[EXERCISE OBJECTIVE]: Using the entries below, copy exactly each line from the line with "对修井设备进行管柱作业自动化" up to and including the line with "UKR hinnang agressori", with every picture left out.
=== Section Start ===
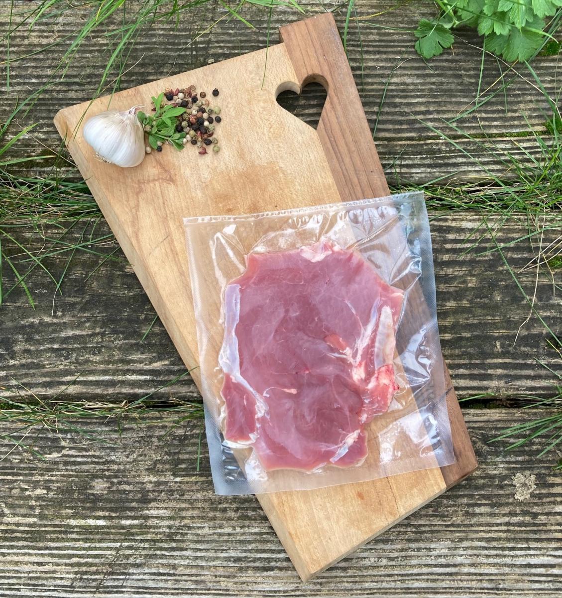 2 côtes de veau sans os (vers le faux filet), élevé sous la mère, agriculture biologique, mise sous-vide. Environ 300 grammes.
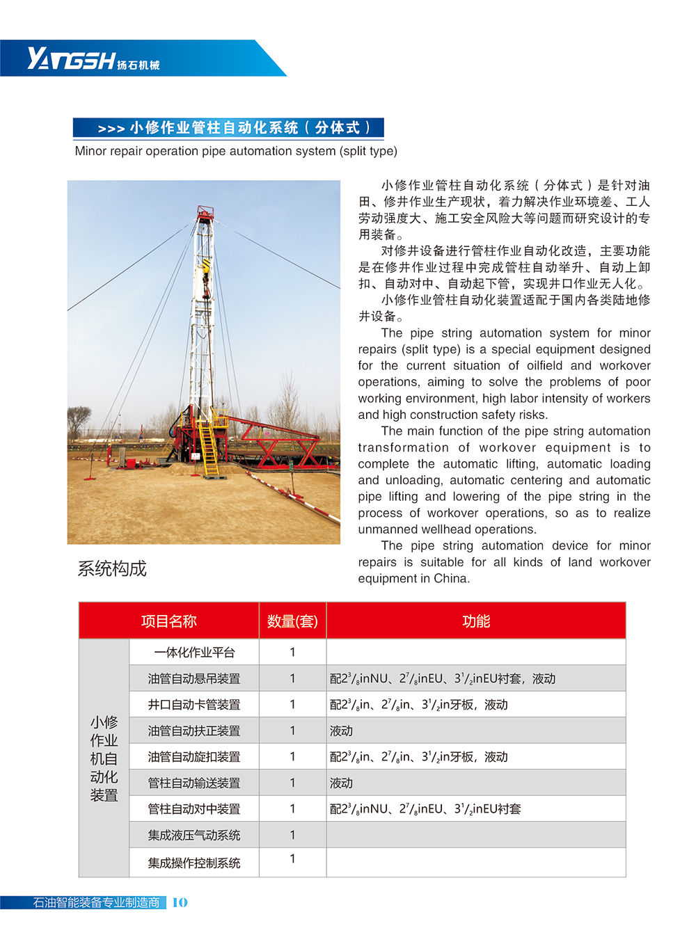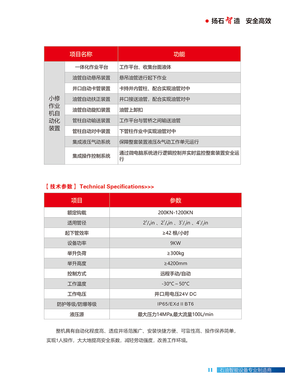 对修井设备进行管柱作业自动化改造,主要功能是在修井作业过程中完成管柱自动举升、自动上卸扣、自动对中、自动起下管,实现并口作业无人化。小修作业管柱自动化装置适配于国内各类陆地修井设备。
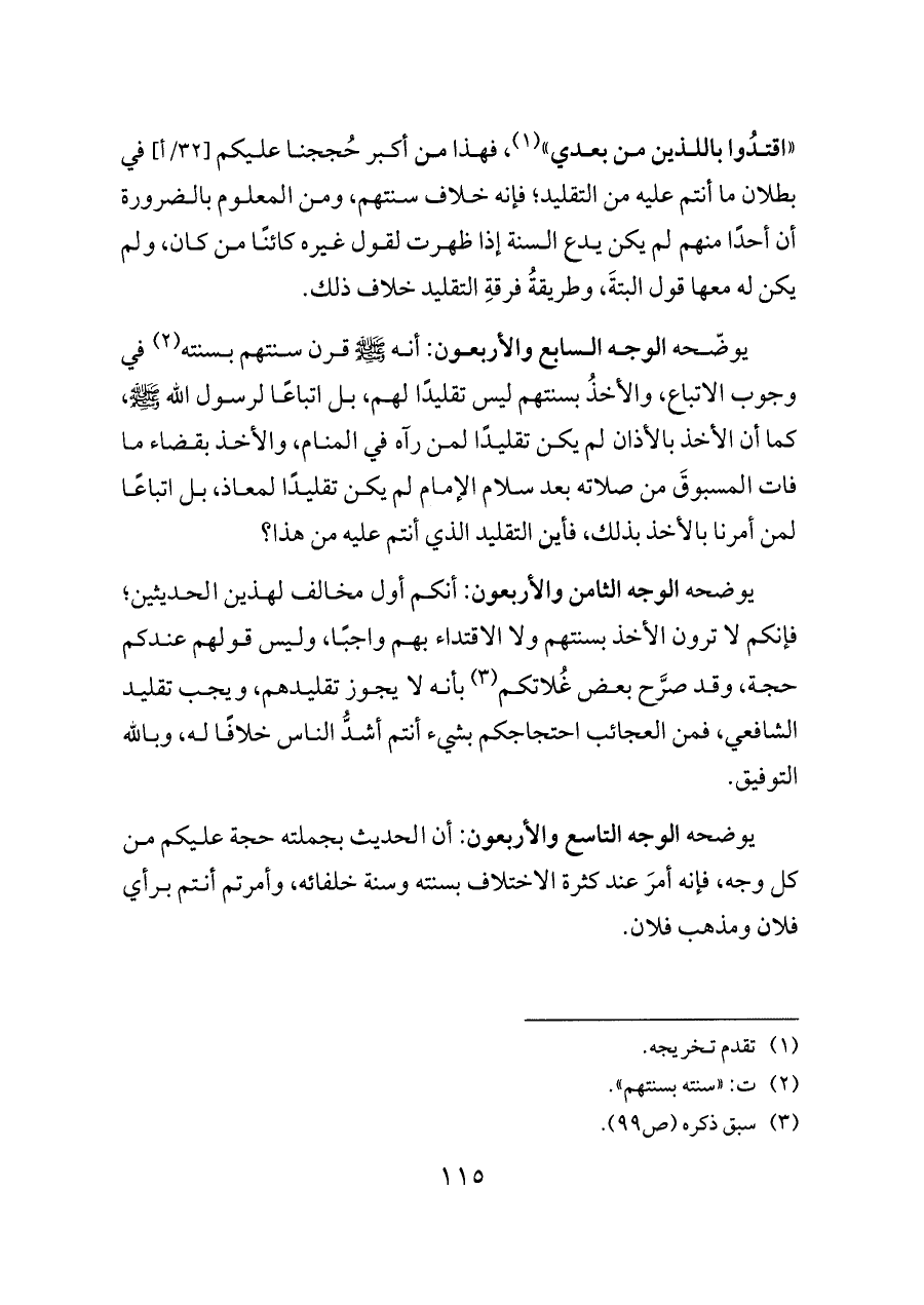 يوضحه الوجه الثامن والأربعون: أنكم أول مخالف لهذين الحديثين؛ فإنكم لا ترون الأخذ بسنتهم ولا الاقتداء بهم واجبًا، وليس قولهم عندكم حجة، وقد صرَّح بعض غُلاتكم (¬٣) بأنه لا يجوز تقليدهم، ويجب تقليد الشافعي، فمن العجائب احتجاجكم بشيء أنتم أشدُّ الناس خلافًا له، وبالله التوفيق.
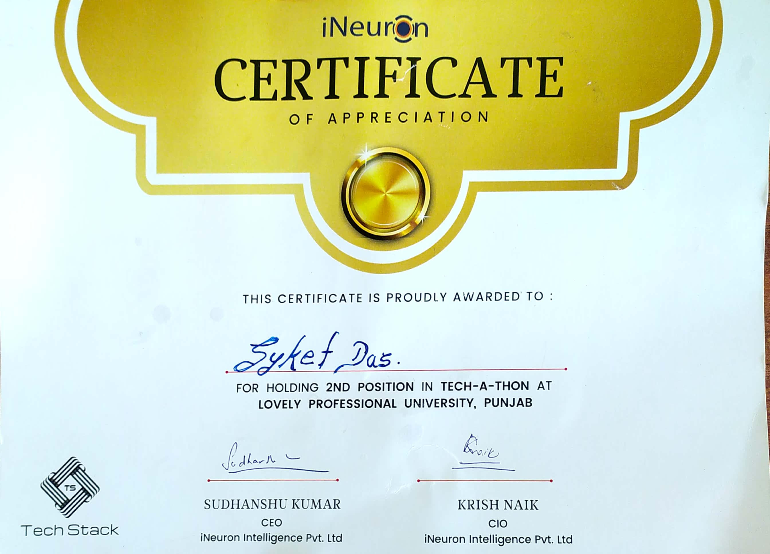 Runner-up in Tech-a-thon (300+ teams, iNeuron.ai at LPU)
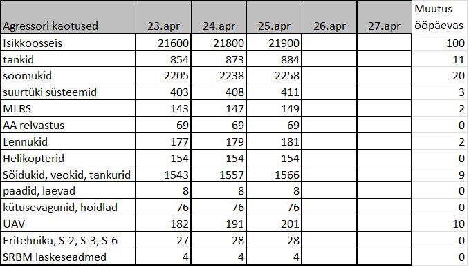 UKR hinnang agressori kaotustele. Vastase suurimaid kaotusi täheldati eile Severodonetski suunal, VF 2. armee 30. Üksiku motolaskurbrigaadil. Tundub, et idas on vatnikud paigal tammunud. Nüüd vist hakkavad katsetama Krõvõi Rigi ja Zaporozje suunal. Seal on fikseeritud üksuste koondamist.
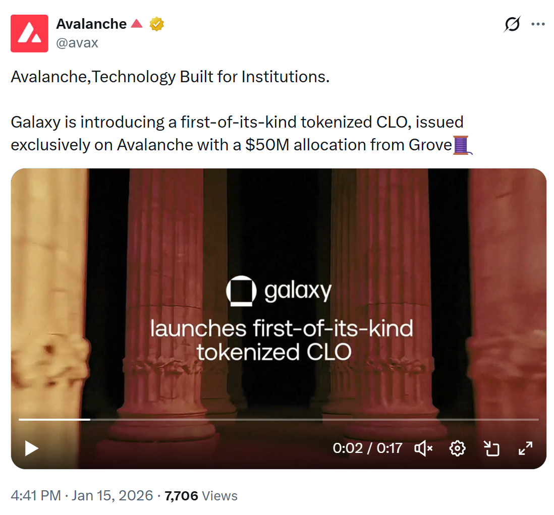 Згідно з повідомленням у четвер, угода, відома як Galaxy CLO 2025-1, укладена на Avalanche і наразі профінансувала кредити на суму приблизно 75 мільйонів доларів США. Трансакція ґрунтується на виділенні приблизно 50 мільйонів доларів від Grove, інституційного кредитного протоколу в екосистемі Sky, раніше відомого як MakerDAO.
=== Section End ===
[WORKED SOLUTION]:
 对修井设备进行管柱作业自动化改造,主要功能是在修井作业过程中完成管柱自动举升、自动上卸扣、自动对中、自动起下管,实现并口作业无人化。小修作业管柱自动化装置适配于国内各类陆地修井设备。
 يوضحه الوجه الثامن والأربعون: أنكم أول مخالف لهذين الحديثين؛ فإنكم لا ترون الأخذ بسنتهم ولا الاقتداء بهم واجبًا، وليس قولهم عندكم حجة، وقد صرَّح بعض غُلاتكم (¬٣) بأنه لا يجوز تقليدهم، ويجب تقليد الشافعي، فمن العجائب احتجاجكم بشيء أنتم أشدُّ الناس خلافًا له، وبالله التوفيق.
 Runner-up in Tech-a-thon (300+ teams, iNeuron.ai at LPU)
 UKR hinnang agressori kaotustele. Vastase suurimaid kaotusi täheldati eile Severodonetski suunal, VF 2. armee 30. Üksiku motolaskurbrigaadil. Tundub, et idas on vatnikud paigal tammunud. Nüüd vist hakkavad katsetama Krõvõi Rigi ja Zaporozje suunal. Seal on fikseeritud üksuste koondamist.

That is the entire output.